3. As regards the Forensic Medicine Institute ’ s report, on what basis did the Third Specialist Committee calculate the applicant ’ s level of disability as 58%, that is to say only two percent lower than the minimum level of disability which would have allowed the applicant to retain his benefit? In particular, did the assumptions built into the calculations of the committee sufficiently reflect the applicant ’ s occupational situation, in particular the fact that he had to retire early from his work as a waiter because his left leg was disabled? Furthermore, did the labour court provide sufficient reasons for relying on the Forensic Medicine Institute ’ s report rather than the other medical reports submitted by the applicant?
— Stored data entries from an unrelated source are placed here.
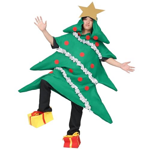 クリスマスツリーコスプレ衣装2点セットは、華やかな緑のドレスとツリー飾りの帽子がセット。パーティーやイベントに最適で、楽しい雰囲気を演出します。サイズはフリーで、簡単に着用できます。
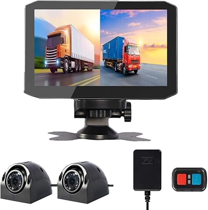 - 【7” IPS Monitor】: The 7” IPS monitor allows you to enjoy a large screen view. And you can switch between full screen mode and split screen mode using the wireless remote. Equiped with a sunshade, it can help the driver better view the display. Long enough hard wired connection with camera (6.5ft/49.2ft)will provide you stable and high quality video transmission. If the cable is not long enough, please contact us in time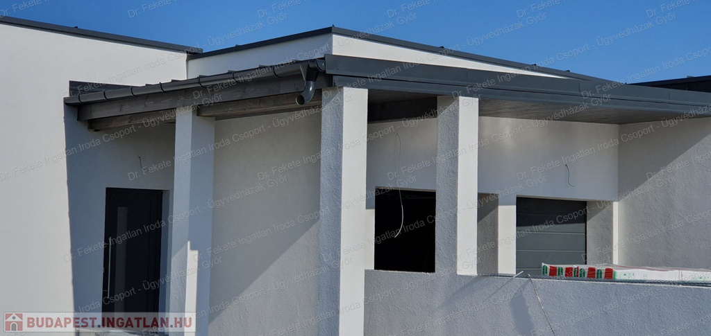 A tetőfedése: korcolt bádog - félig lapostető (cca.5%-os)

4. As regards the revocation of the invalidity allowance, was any other type of social benefit available to the applicant, owing to his disability, on which to subsist (see Béláné Nagy v. Hungary [GC], no. 53080/13, § 123, ECHR 2016)?
The Government are requested to provide the complete medical file of the applicant including all health reports that the applicant did not present in his application to the Court. The Government are also asked to provide the Social Security Authority ’ s decisions in respect of the applicant ’ s invalidity allowance and the relevant correspondence. Finally, the parties are requested to submit copies of all the relevant documents concerning the proceedings before the labour court and the Court of Cassation.